In January 2020 I posted about finishing a painfully long route at the climbing gym, graded 5.10a; the next month I finished an equally long 5.10b. The month after that, the world shut down, and I haven't climbed consistently since then.
In the interim, the climbing gym personnel completely changed over: new manager, new route-setters. Somewhere in there they decided collectively that their old grades had been too soft, so a route that used to get a 5.8 rating would now be a 5.7 or perhaps a 5.6. A 5.6 rating is supposed to mean it's beginner-friendly, but it got a lot harder to find easy routes.
Also in the interim, I started lifting weights and added a fair amount of bulk to my frame. (Seriously, you guys: I tried on Marie's blazer after she said, "But my shoulders are much bigger than yours," and I couldn't move my arms AT ALL. I needed, like, a sausage-stuffing machine to pour myself into those sleeves. Her shoulders are not actually bigger than mine, even though she is 8 inches taller than I am.) The muscle is an advantage, but at the same time it's harder to move a heavier body up the wall. This is a tension Joe has often talked about: wanting to build muscle for lifting, wanting to stay light for climbing.

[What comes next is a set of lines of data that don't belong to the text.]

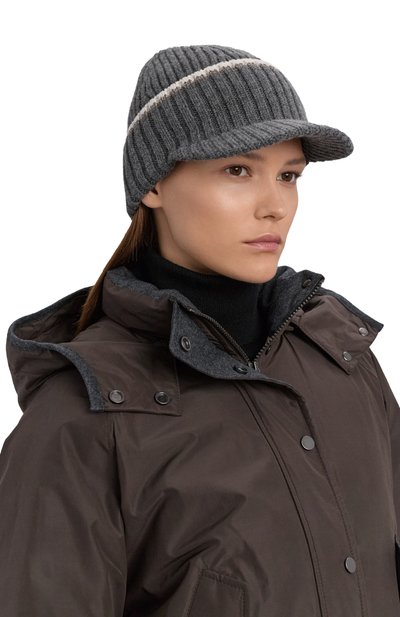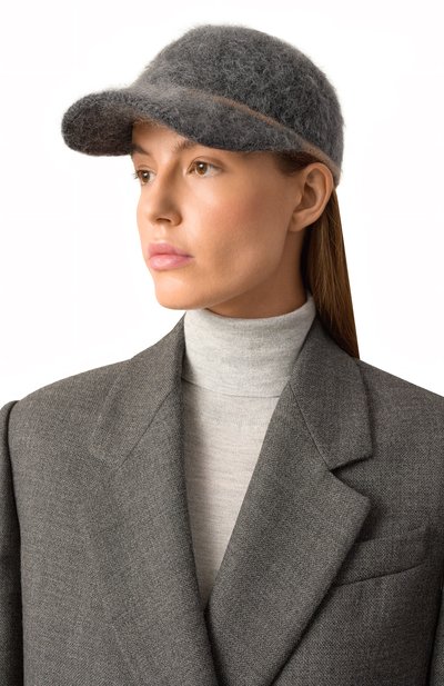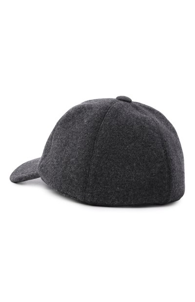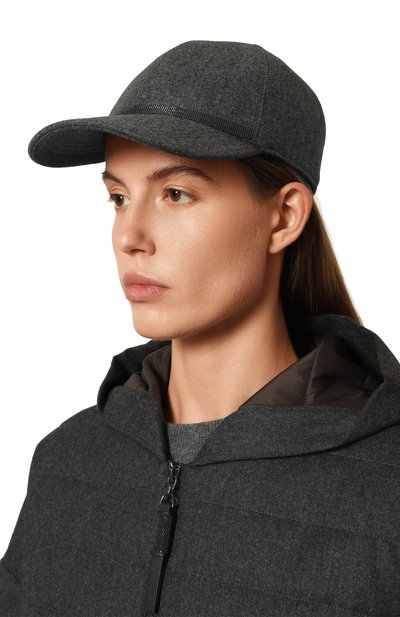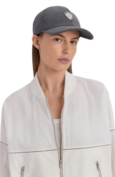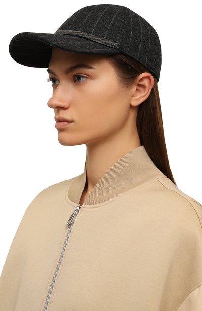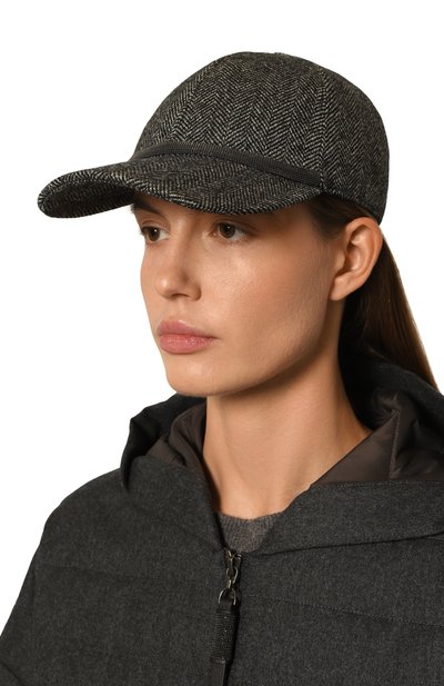 Бейсболку с креповым подкладом выполнили из шерстяной ткани в виндзорскую клетку. Посадку головного убора, украшенного фирменными цепочками мониль, можно регулировать кожаным ремешком с пряжкой.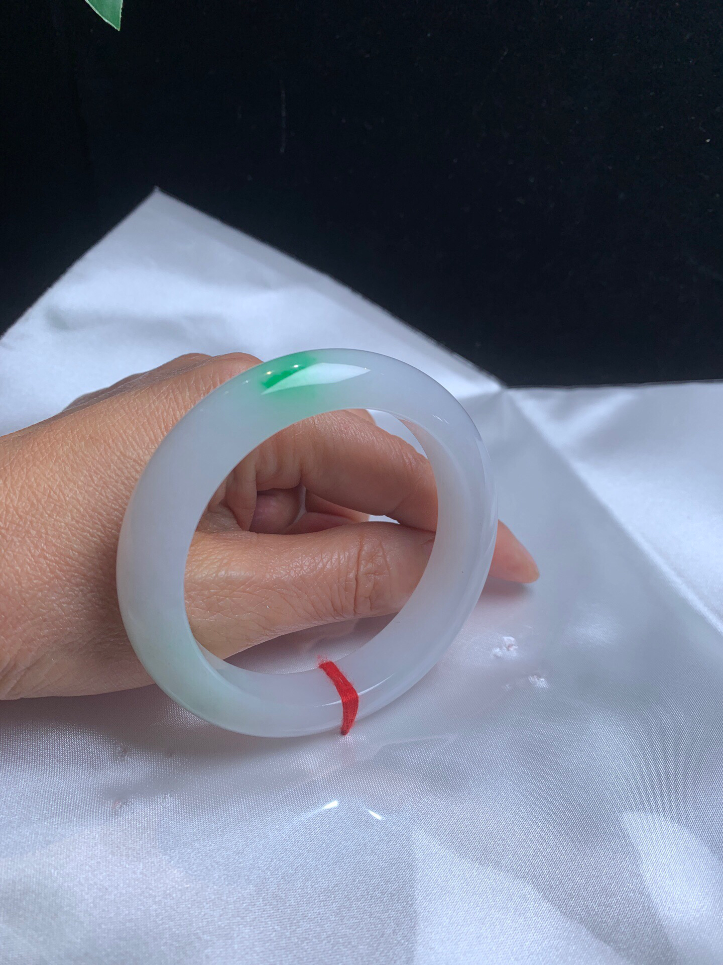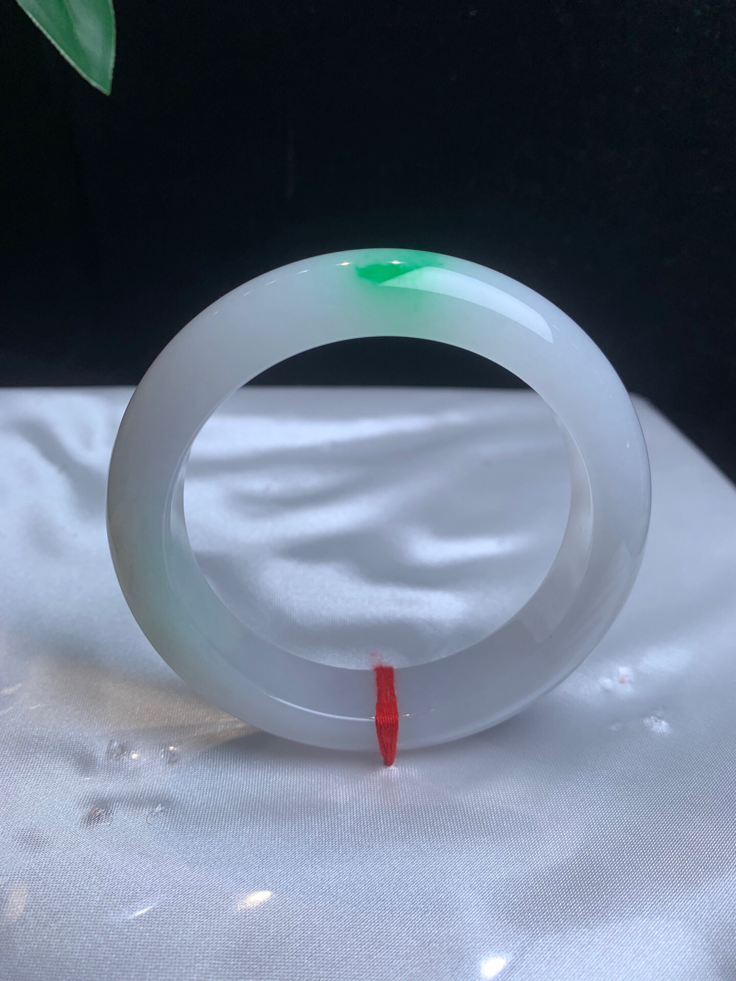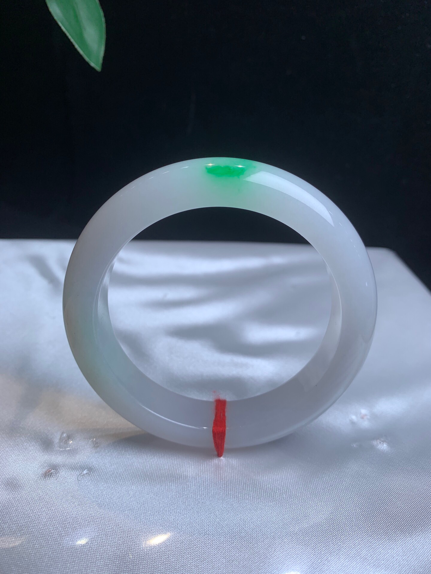 612584,55.2飘阳绿手镯,13.2-9.2mm,清新干净的白底,飘一抹阳绿色,清爽秀美,非常养眼,完美,超值价💰75400 #优石客珠宝#香玉荟萃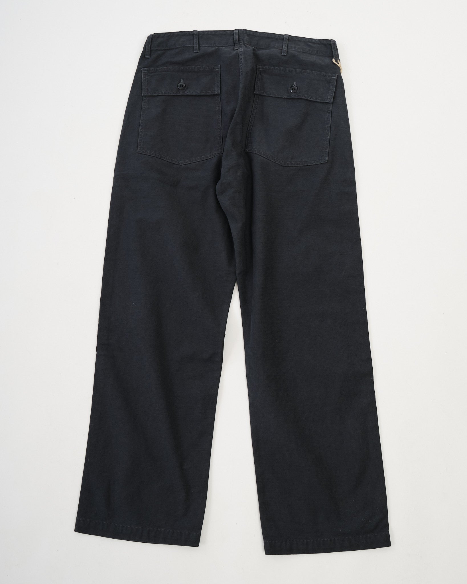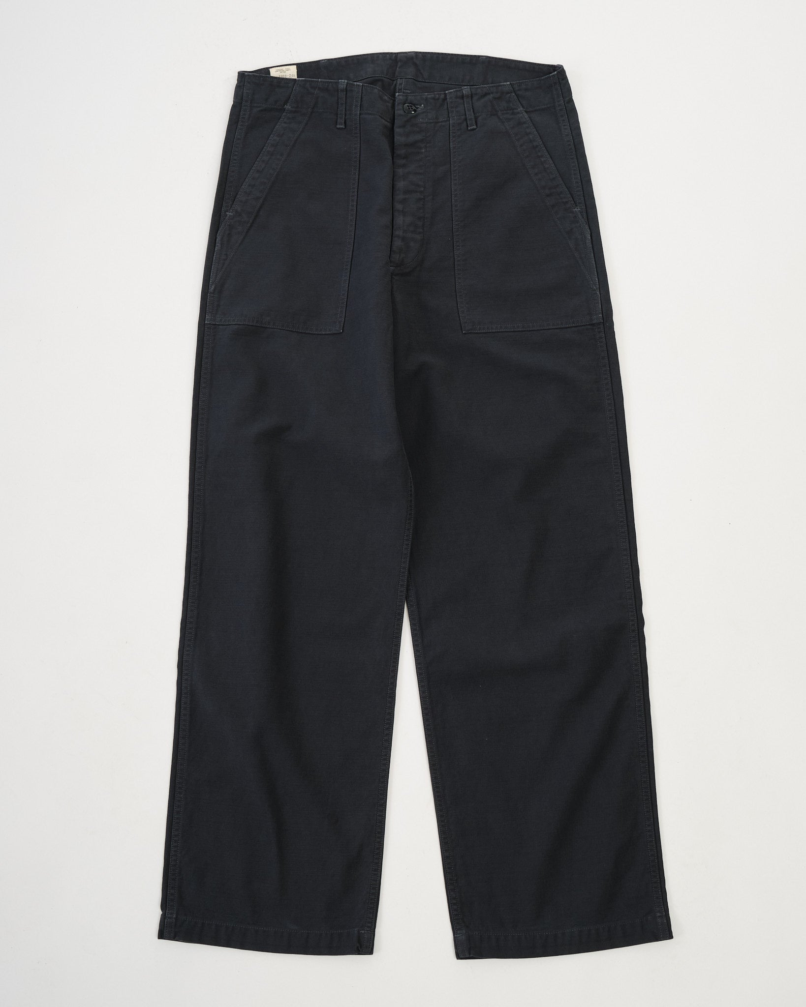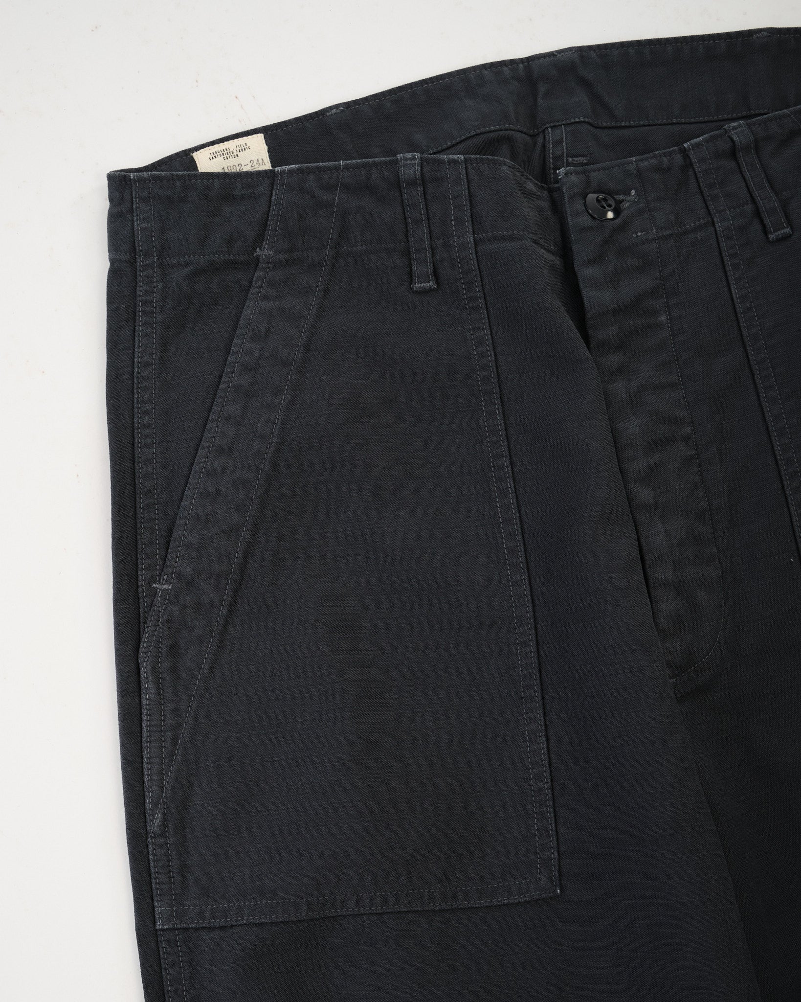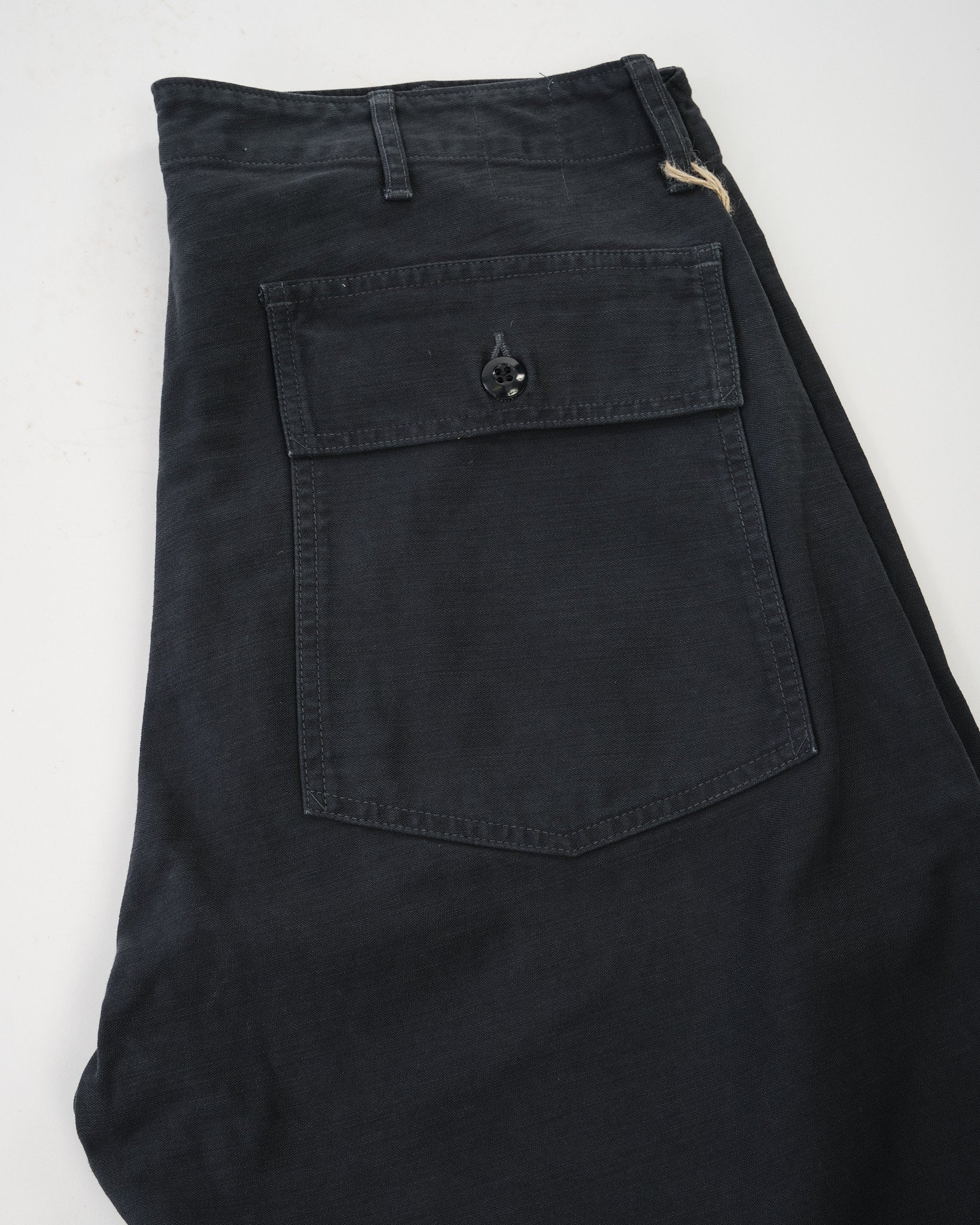 Die FULL COUNT 1992-24A UTILITY TROUSERS in BLACK (1992-24A) sind eine moderne Interpretation der klassischen Baker-Hose, bekannt für ihr militärisches Erbe und funktionales Design. Nach Jahren der Forschung und Verfeinerung wurden diese Hosen perfektioniert, um die authentische Weichheit und Haltbarkeit von Vintage-Arbeitskleidung einzufangen. Hergestellt aus 100% Baumwolle Militär-Rückensatin, wurde der Stoff bis auf die Fasern sorgfältig analysiert, um das geschmeidige Gefühl der originalen Baker-Hosen zu replizieren. Der mit Schwefel gefärbte schwarze Stoff gewährleistet einen allmählichen Alterungsprozess, der mit der Zeit eine einzigartige Patina entwickelt. Zusätzlich verbessert eine Ozonbehandlung den eingetragenen Komfort und die Textur des Stoffs vom ersten Tragen an.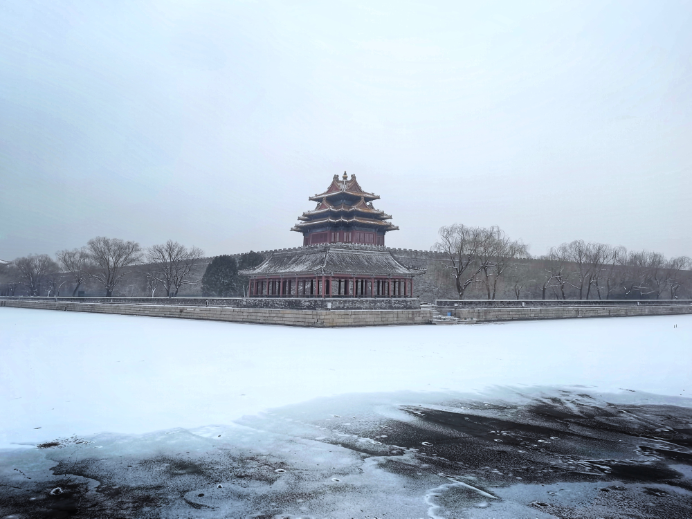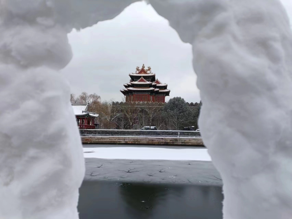 角楼银装素裹,红墙碧瓦、古建白雪相得益彰。(摄影:江孟中)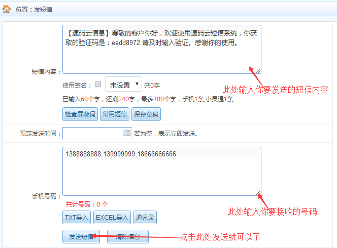 請注意!你注冊賬號成功后請聯(lián)系速碼云公司的銷售人員(也就是以后為你服務(wù)售后的客服)把你的賬號開通為開啟模式,然后你把你要免費測試的短信內(nèi)容編輯好給我們的銷售人員確定沒有問題后方可以發(fā)送短信。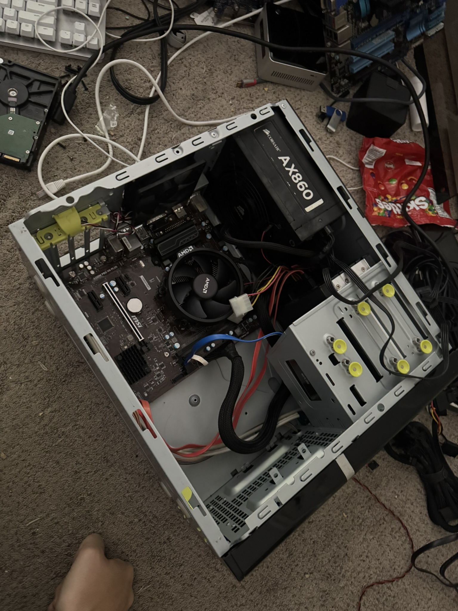 - notes: i built poppynas partially out of my first desktop computer, and partially out of parts i literally found on the side of the road :3 the case, drive bays, one of the drives i think, power supply, and several cables all came from the curb in my neighborhood, and everything else was canibalized from the first pc i bought when i was like 12. given its state, it works pretty well 4 what i need it 2 do, minus the fact that the drive bay fans dont work and it can get a little toasty. ill replace them at some point but theyre a weird size and i cant find any for what im willing 2 spend <3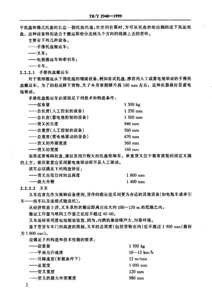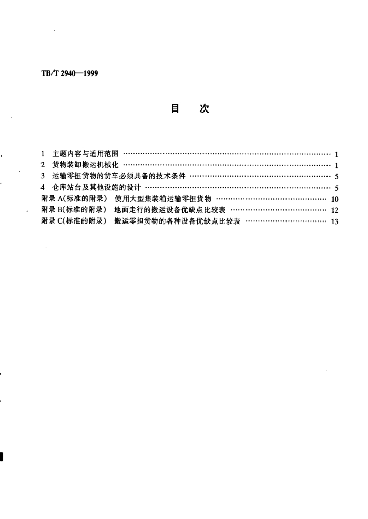 TB/T 2940-1999 零担装卸搬运设施的技术要求

The result of all this was that my sense of what I could and couldn't do at the climbing gym came unmoored. Was I struggling on a route labeled 5.7 because it corresponded to a 2019 5.9 route? Or because it was set by a new employee with no clue what it's like to be a middle-aged climber with a 66-inch wingspan? Or because [self-critical thoughts redacted here, though they remain very loud in my brain] and I should just give up?
In January 2023 I decided to buy an annual membership, and I've been climbing every week with Pete. I would put the humbling:pleasant ratio at about 65:35, because he keeps nudging me to do hard things. But I think I am beginning to see some progress.
We have been doing more bouldering than we used to, climbing shorter routes with no ropes. I do not love the idea of jumping down from holds 15 feet in the air, even though there are mats on the floor, so part of the issue for me is mental. Also, though, the boulder problems are hard.
Before the pandemic I could often but not always climb V2 boulders (I don't know why they have two different systems for rating difficulty) and I was just starting to do V3s. But when I started climbing again this year, the V2s felt entirely out of reach.
Pete has been super-patient with me, giving me both encouragement and beta (climber-speak for step-by-step explanations of how to get from Point A to Point B). He can propel his body across the wall with a combination of control and grace that seems impossible for this 52-year-old body to imitate. "Put your left foot there," he told me today. "My LEFT foot?" I asked him skeptically. "Your left foot," he said again, with more patience than I deserve. And do you know, after a few false starts I sent my first post-COVID V2 route.
"Now try the green one," he urged me. The green one felt ridiculous two weeks ago. Imagine putting one foot on a surface that's at hip height, and then standing up on that foot with minimal upper-body support. Like, say you have a light switch you can hold with one hand, but mostly you have to push with your bent leg without losing your balance. Hard, right? Pete and I have this recurring conversation at the climbing gym: he says, "now stand up on your foot," and I say, "I can't," because my legs don't really work like that here in my sixth decade. (There's a similar maneuver in this video (0:57-1:01), but I have two solid handholds there.)
"Hm," he said, looking again at the route. "You could also put get both hands on the next hold and pull up instead of pushing up." This is not a move that 2020 Jamie could have managed, because she did not have the upper-body strength for it, but it worked well for 2023 Jamie. And it felt really satisfying to finish a second tough boulder problem in one session after weeks of frustration.
Hm, now that I have written all this out I am thinking it is unlikely to be as interesting to anyone else as it is to me. But I want to remember the sensation of pulling myself up to that fat green hold: effortful but doable. I spent a lot of the session thinking tailspinny thoughts. I told myself I was too tired, inadequately fueled. I was a little shaky when I tackled the green route for the last time, and the voice in my head said, "What if you FALL and HIT YOUR HEAD?"
The voice in my head is not very likely to say "what if you finish the route and feel really pleased with yourself?" But that's what actually happened.